INFORMATION SHOWN>
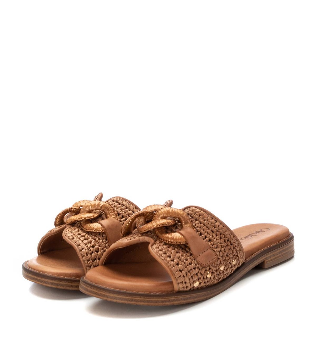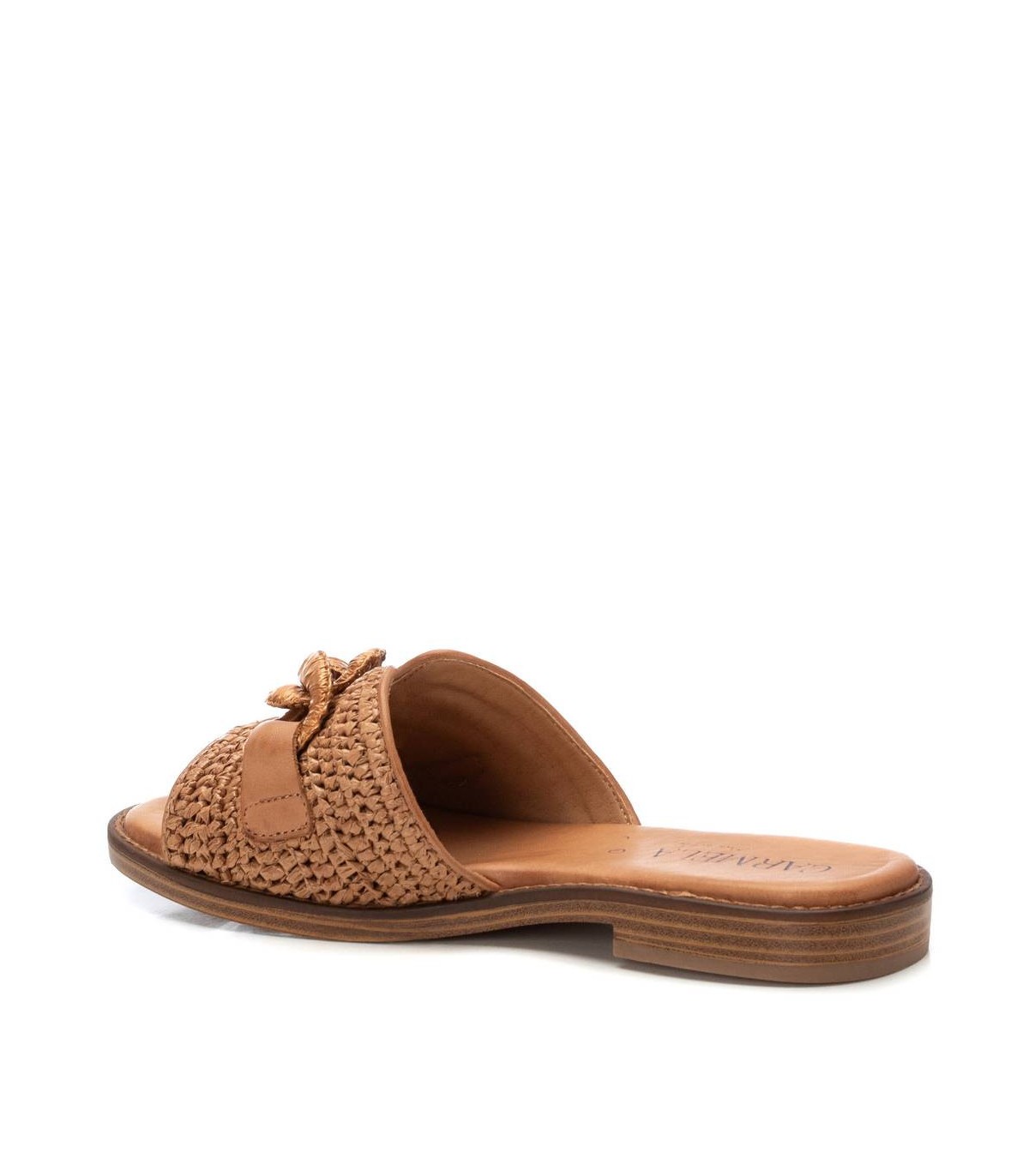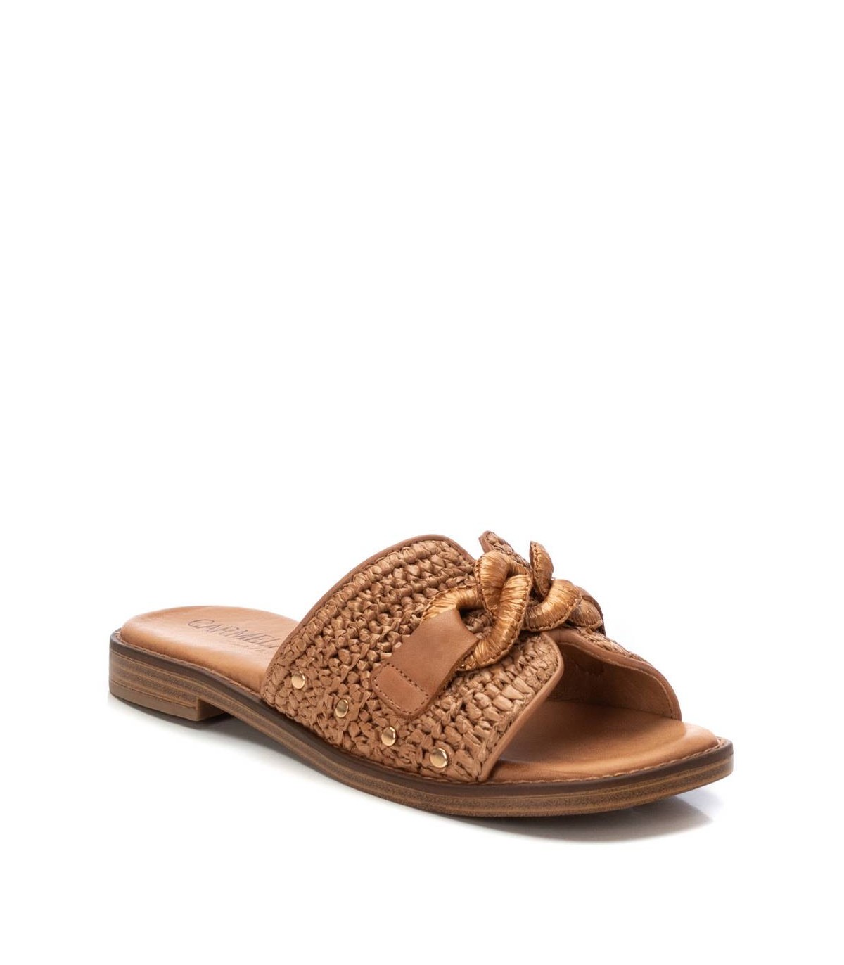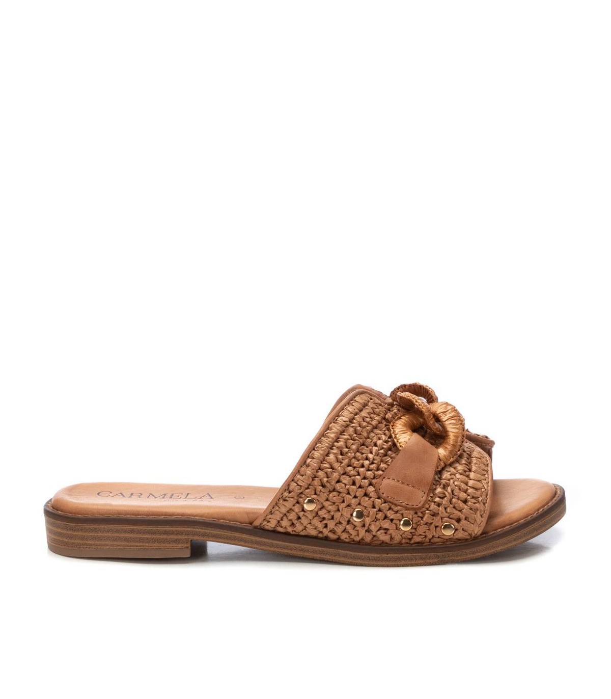 Sandalia de mujer, marca Carmela. Fabricada en rafia de alta calidad. Diseño de pala con adorno al tono decorativo al frente. Cómoda planta y suela antideslizante. Para vestir cómoda y elegante esta temporada.
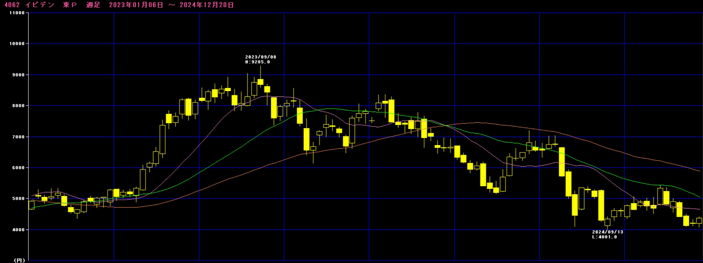 次に示すイビデン(4062)なども同様だ。高値は9,285円とあるが、先週末の終値は何と4,363円と、こちらは高値からの半値以下、約47%の水準に位置していることがわかる。
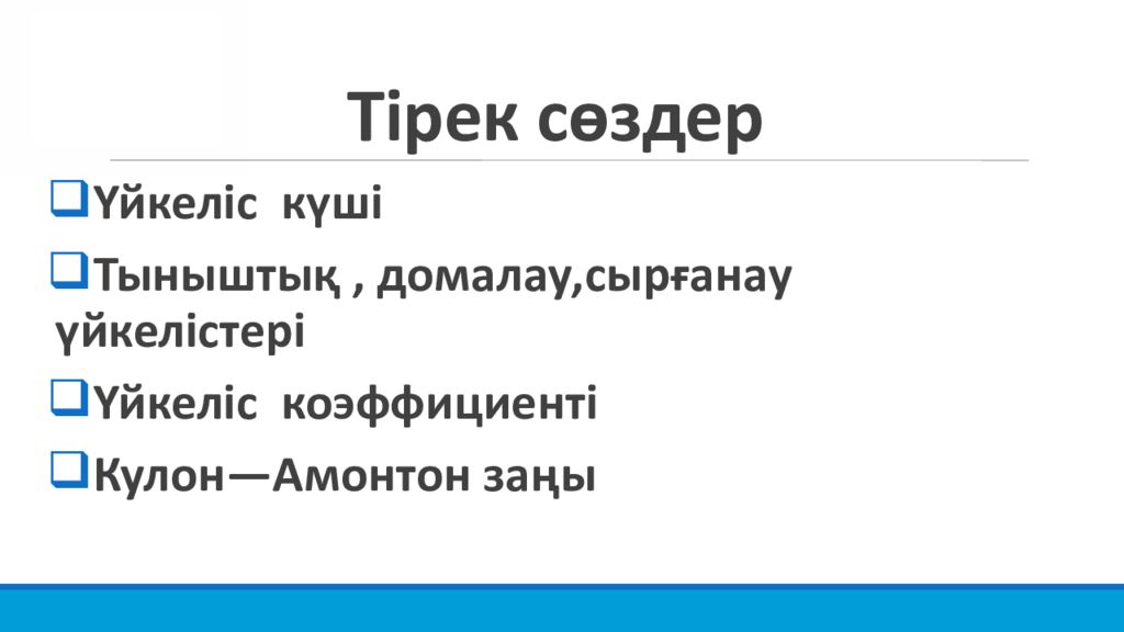 Үйкеліс күші Тыныштық, домалау,сырғанау үйкелістері Үйкеліс коэффициенті Кулон— Амонтон заңы
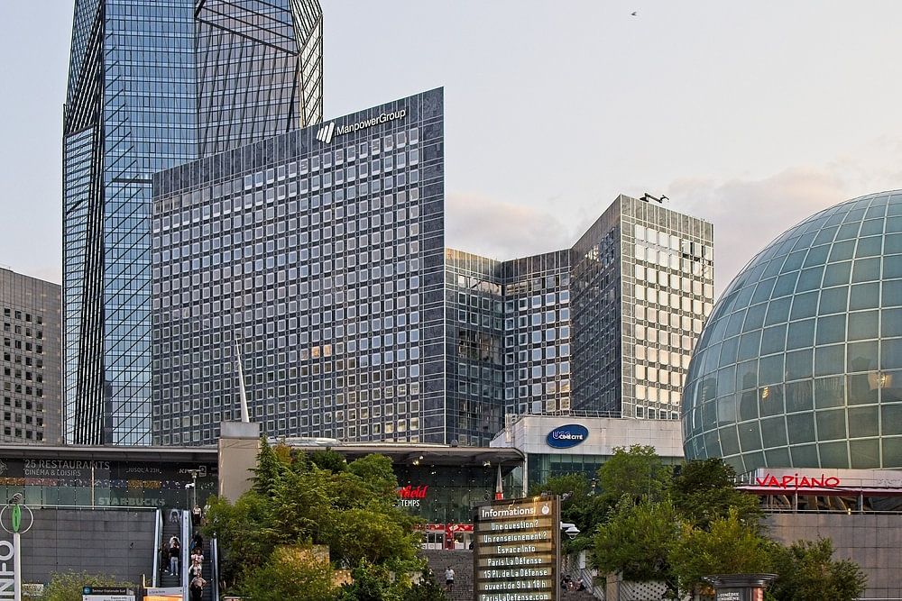 Zonsondergang op het centrale plein in het moderne zakencentrum La Defense in Courbevoie (Parijs).

WHAT THE TASK ASKS> Output all the data, exactly, without images.

SOLUTION TO THE EXERCISE>
 Sandalia de mujer, marca Carmela. Fabricada en rafia de alta calidad. Diseño de pala con adorno al tono decorativo al frente. Cómoda planta y suela antideslizante. Para vestir cómoda y elegante esta temporada.
 次に示すイビデン(4062)なども同様だ。高値は9,285円とあるが、先週末の終値は何と4,363円と、こちらは高値からの半値以下、約47%の水準に位置していることがわかる。
 Үйкеліс күші Тыныштық, домалау,сырғанау үйкелістері Үйкеліс коэффициенті Кулон— Амонтон заңы
 Zonsondergang op het centrale plein in het moderne zakencentrum La Defense in Courbevoie (Parijs).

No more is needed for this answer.